# to install LR/Mogrify what i need?



## mantra (Aug 16, 2008)

Hi
well i installed ,extract mogrify in my lightroom folder , i use lightroom 1.4.1

well i can see the in the export the mogrify panel

but there is a path where i have to indicate where ImageMagick is

now , what i need to download?

is there a imagemagick standalone exe , i mean a program of 8mb to download?

in short with file should i download?:roll::roll: to make it work
thanks
have a nice day


----------



## Brad Snyder (Aug 16, 2008)

Giovanni, go here:

http://www.imagemagick.org/script/binary-releases.php#windows

Scroll down to *bottom* of page. then download the top file. See attachment:


----------



## mantra (Aug 17, 2008)

Brad Snyder said:


> Giovanni, go here:
> 
> http://www.imagemagick.org/script/binary-releases.php#windows
> 
> Scroll down to *bottom* of page. then download the top file.

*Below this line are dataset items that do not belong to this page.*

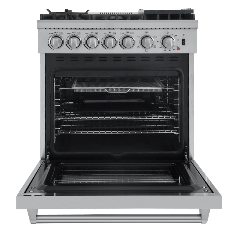 The Lazio 30 Inch Alta Qualita Dual Fuel Range blends professional design with durability. Its stainless-steel structure boasts 5 sealed burners (70,000 BTU total), including a potent dual-ring burner for boiling or searing and precise simmering. The continuous cast iron grates, wok ring, and reversible grill/griddle enhance cooking versatility. The 4.32 cu. ft. oven, with 6500 Watt combined convection broil and bake output, features an insulated 3-layer glass door for safety and visibility. The true convection element ensures fast, precise, and consistent cooking. Accessories include 2 oven racks, air fry rack & basket, drip pan (suitable for steam cleaning), and an LP conversion kit. Zinc-coated metal knobs with bezel rings ensure enduring beauty.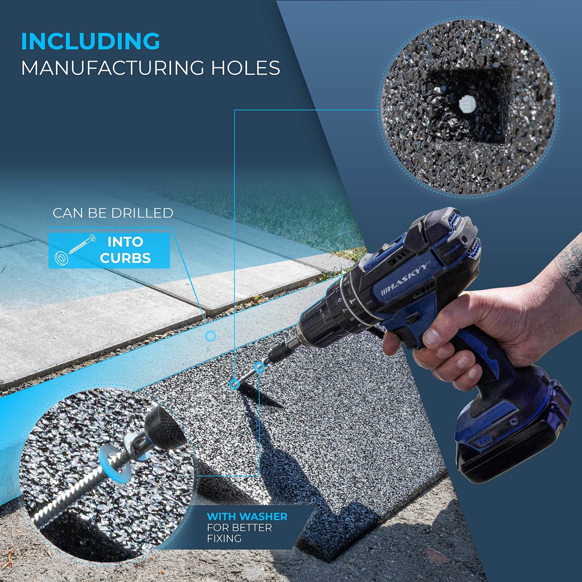 Dank des hohen Eigengewichts und des flexiblen Gummigranulats liegen die Rampen sehr stabil und passen sich leichten Unebenheiten oder gewölbten Kanten optimal an. Für maximale Sicherheit können sie zusätzlich fest montiert werden.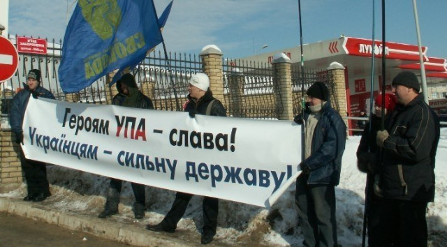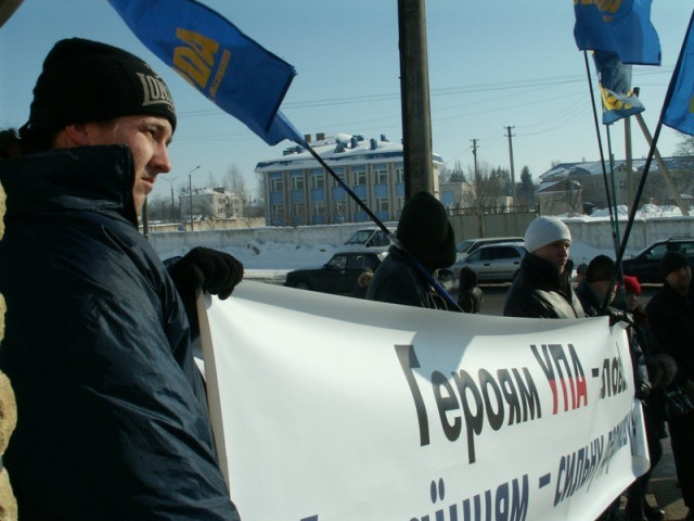 Біля Генерального Консульства Республіки Польща у Луцьку зібрався невеличкий пікет. Присутні близько години тримали у руках плакати з написами «Бандера – наш герой» та мерзли.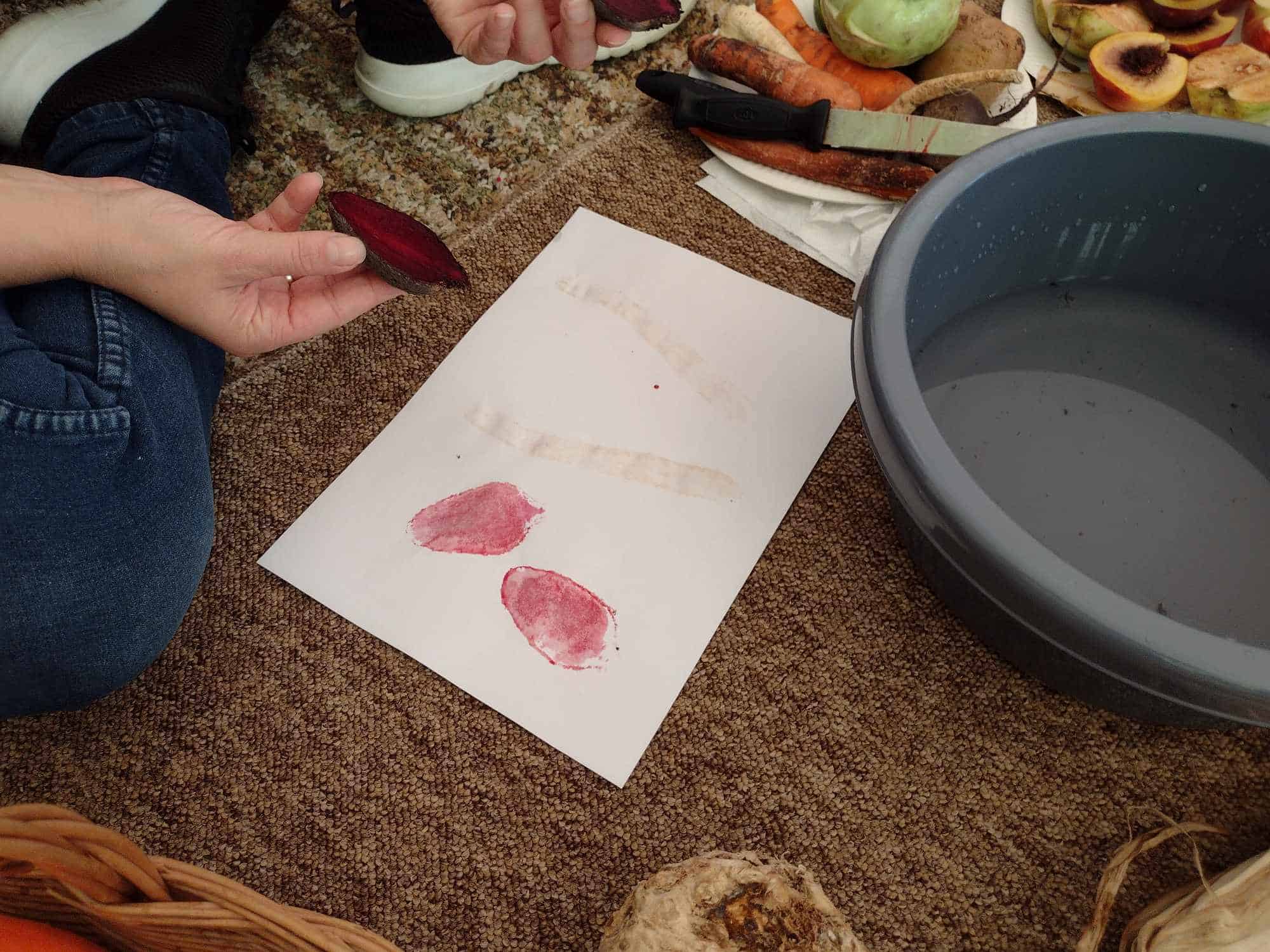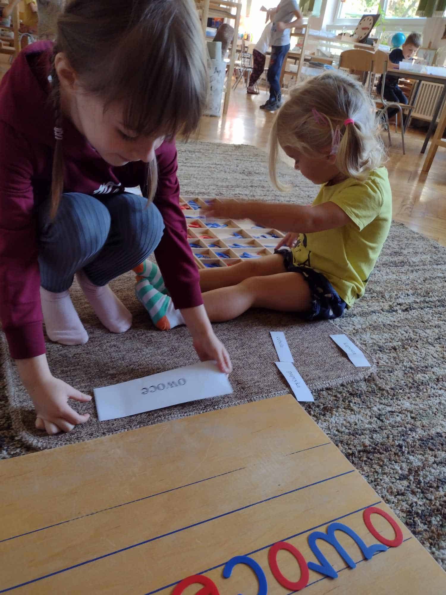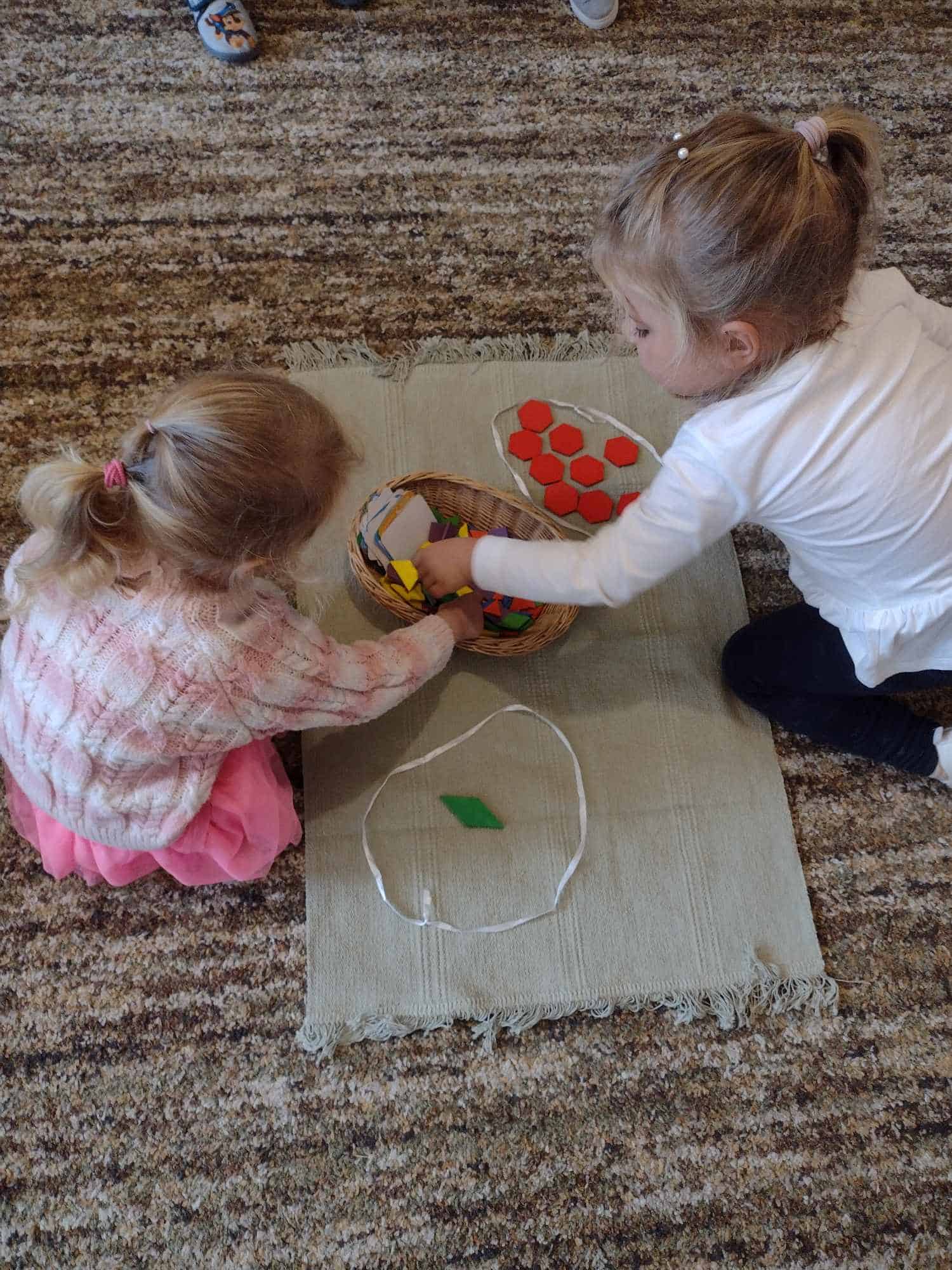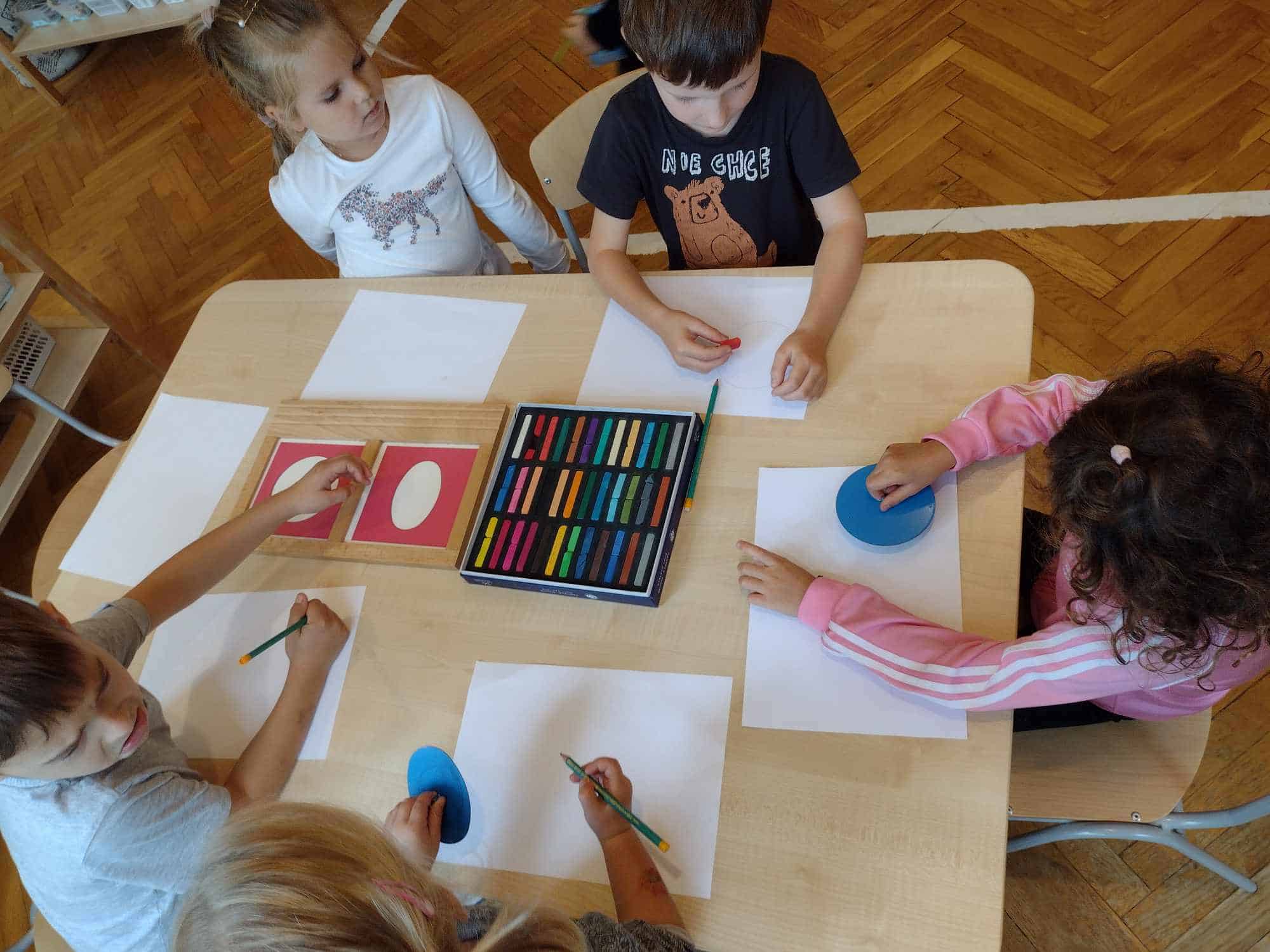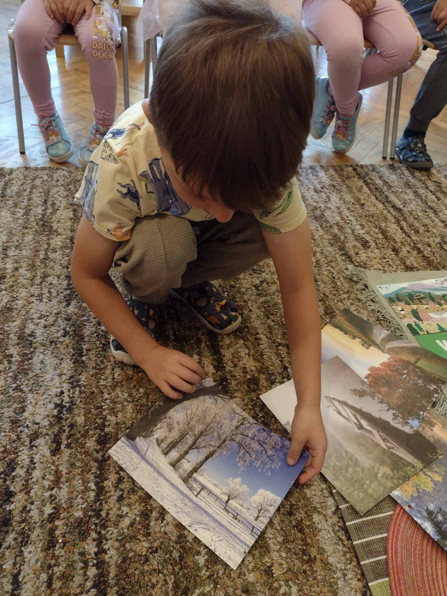 W ostatnim tygodniu dzieci z grupy zielonej przywitały Jesień, która zawitała także do ich sali. Na początku tygodnia przypomnieliśmy sobie nazwy pór roku i dopasowaliśmy nazwy do ilustracji. Później dzieci zaprosiły Jesień do sali – przyszła z pełnym koszem owoców i warzyw, a w torebce przyniosła jesienną pogodę i jesienne zagadki. Dzieci oglądały dary jesieni z grządek, ogrodów i sadów, nazywały je, a także rozdzieliły na zbiór owoców i warzyw. Starszaki dobierały podpisy do owoców i warzyw. Tworzyliśmy też zbiory w danym kolorze, a także zbiory figur geometrycznych i przeliczaliśmy elementy w zbiorach. Nauczyliśmy się piosenki o Jesieni z pełnym koszem, wspólnie zaśpiewaliśmy i zagraliśmy na instrumentach. Aby usprawnić motorykę małą i przygotować rękę do pisania, dzieci pracowały z metalowymi matrycami, odrysowując kształty owoców (jabłka gruszki i śliwki), które następnie wypełniały suchymi pastelami. Poznaliśmy też budowę dyni przy pomocy kart trójdzielnych, a następnie użyliśmy prawdziwej dyni – dzieci wskazywały poszczególne elementy, wyłuskiwały i przeliczały pestki. Graliśmy też w dyniowe kręgle. Był też czas na owocowe wyszywanki, pracę z szorstkim, ruchomym i żłobionym alfabetem. Rozmawialiśmy o przygotowaniu jedzenia do spożycia, myliśmy owoce, oglądaliśmy i porównywaliśmy wnętrze owoców i warzyw. Mówiliśmy o witaminach, które zawarte są w owocach i warzywach, sprawdzaliśmy jakie kolory pozostawiają warzywne stemple. Chłopcy intensywnie zajęli się łuskaniem fasoli i orzechów, a na koniec mogliśmy spróbować jak smakują przyniesione przez dzieci dary Jesieni.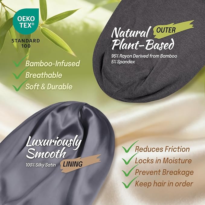 - Premium Double-Layer Fabric: Featuring a silky satin interior and a soft, breathable 95% rayon bamboo exterior, our bonnet is durable, anti-static, and resistant to shrinking after washes

See attachment:



thanks
so do i need the all package (inside there a lof of files) ?
i guessed only the *exe


----------



## Brad Snyder (Aug 17, 2008)

Don't know, let us know what you find out.


----------



## tvds (Aug 21, 2008)

Just install it (so the exe).

I did it yesterday... or was it the day before.

Well anyhow, after installing you will have to point the plugin to the right mogrify directory / file.

Oh well, look at this post  
http://www.lightroomqueen.com/community/showthread.php?t=2749


----------